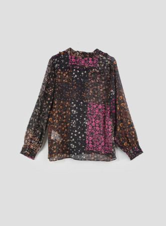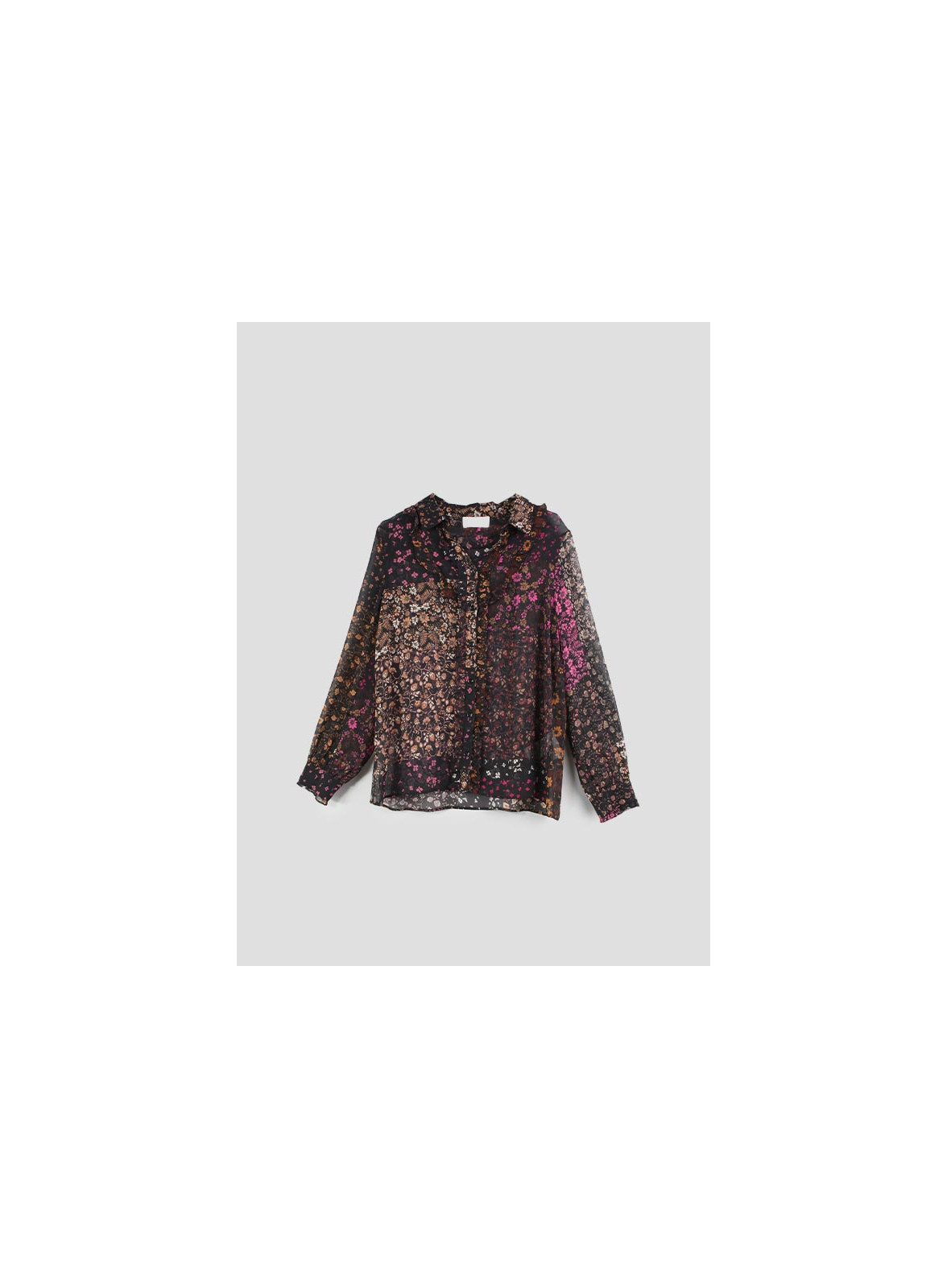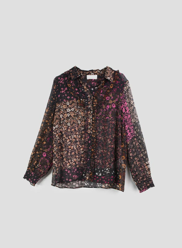 Camicia in crêpe stampato trasparente dalla linea dritta, chiusa con bottoni. Colletto e maniche lunghe con polsini. Decorata con ruches. Tessuto contenente poliestere rigenerato o poliammide rigenerato, fibre provenienti dal riciclo di materiale plastico. Lo stile I BLUES è ideale per donne audaci, curiose e desiderose di una vita piena e divertente. Le sue collezioni sono studiate nei minimi dettagli con il desiderio di donare carattere ad ogni look. Made in Italy.
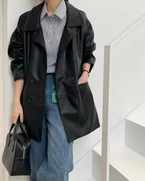レザー調ダブルボタンミドルジャケット・p710048
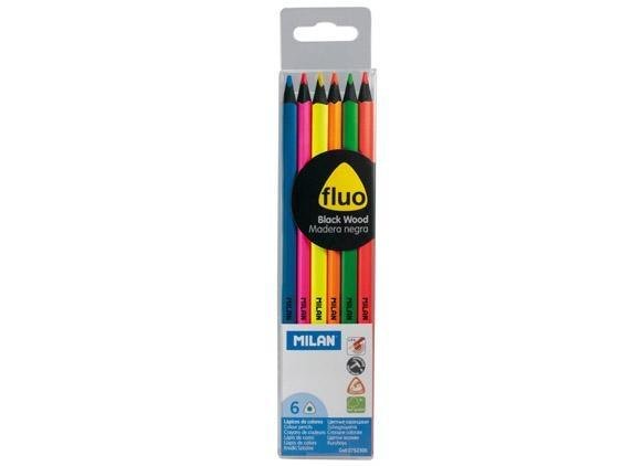 Fluorescencyjne kredki, Trójkątne i z czarnym drewnie lipowym. Kredki MILAN zawierają wysokiej jakości pigmenty i system. ochrony rysika LPS, który zwiększaich odporność na złamanie. Wewnątrz złamać. kredki, rysik i drewno sklejone są zesobą na całej długości, w taki sposób, że nie można ich rozdzielić ani złamać.
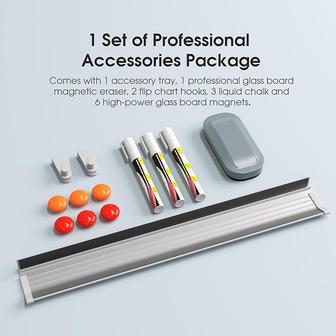 - 15-Minute Fast Installation with Complete Professional Accessories: Comes with an installation template, accessory tray, premium magnetic glass board eraser, 3 markers, and 6 strong glass board magnets; easy setup within 15 minutes for horizontal or vertical mounting
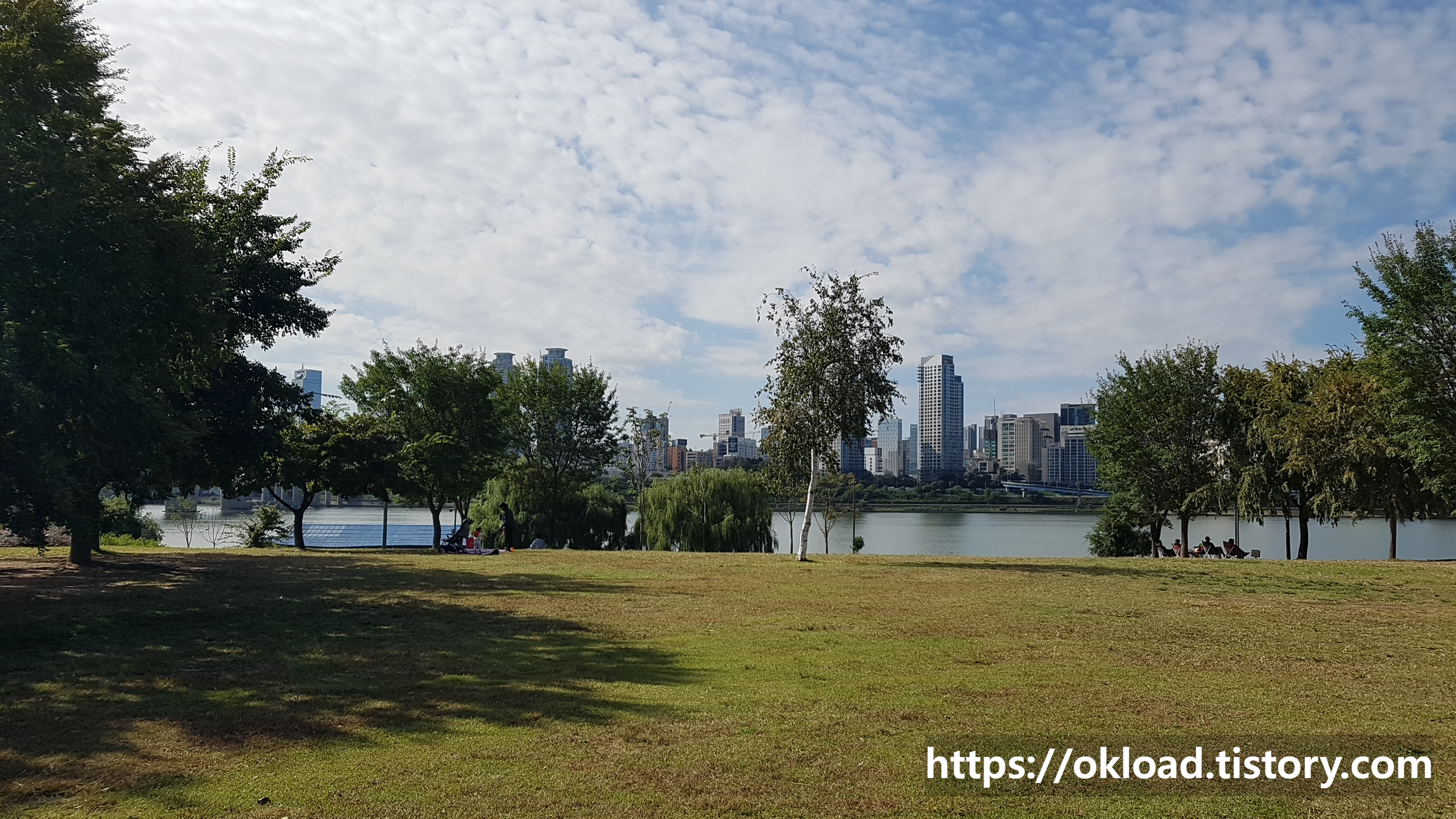 그리고 한강쪽을 바라보면, 넓은 잔디밭과 잎이 울창하고 높은 나무들이 중간중간 자리 잡고 있다. 이 또한 여의도 쪽 한강공원과는 사뭇 다른 분위기를 연출하는 뚝섬유원지공원이다.

◆ ◆ ◆ ◆ ◆

Copy the lines above exactly and exclude every image.

- [Solution to the problem]:
 Camicia in crêpe stampato trasparente dalla linea dritta, chiusa con bottoni. Colletto e maniche lunghe con polsini. Decorata con ruches. Tessuto contenente poliestere rigenerato o poliammide rigenerato, fibre provenienti dal riciclo di materiale plastico. Lo stile I BLUES è ideale per donne audaci, curiose e desiderose di una vita piena e divertente. Le sue collezioni sono studiate nei minimi dettagli con il desiderio di donare carattere ad ogni look. Made in Italy.
レザー調ダブルボタンミドルジャケット・p710048
 Fluorescencyjne kredki, Trójkątne i z czarnym drewnie lipowym. Kredki MILAN zawierają wysokiej jakości pigmenty i system. ochrony rysika LPS, który zwiększaich odporność na złamanie. Wewnątrz złamać. kredki, rysik i drewno sklejone są zesobą na całej długości, w taki sposób, że nie można ich rozdzielić ani złamać.
 - 15-Minute Fast Installation with Complete Professional Accessories: Comes with an installation template, accessory tray, premium magnetic glass board eraser, 3 markers, and 6 strong glass board magnets; easy setup within 15 minutes for horizontal or vertical mounting
 그리고 한강쪽을 바라보면, 넓은 잔디밭과 잎이 울창하고 높은 나무들이 중간중간 자리 잡고 있다. 이 또한 여의도 쪽 한강공원과는 사뭇 다른 분위기를 연출하는 뚝섬유원지공원이다.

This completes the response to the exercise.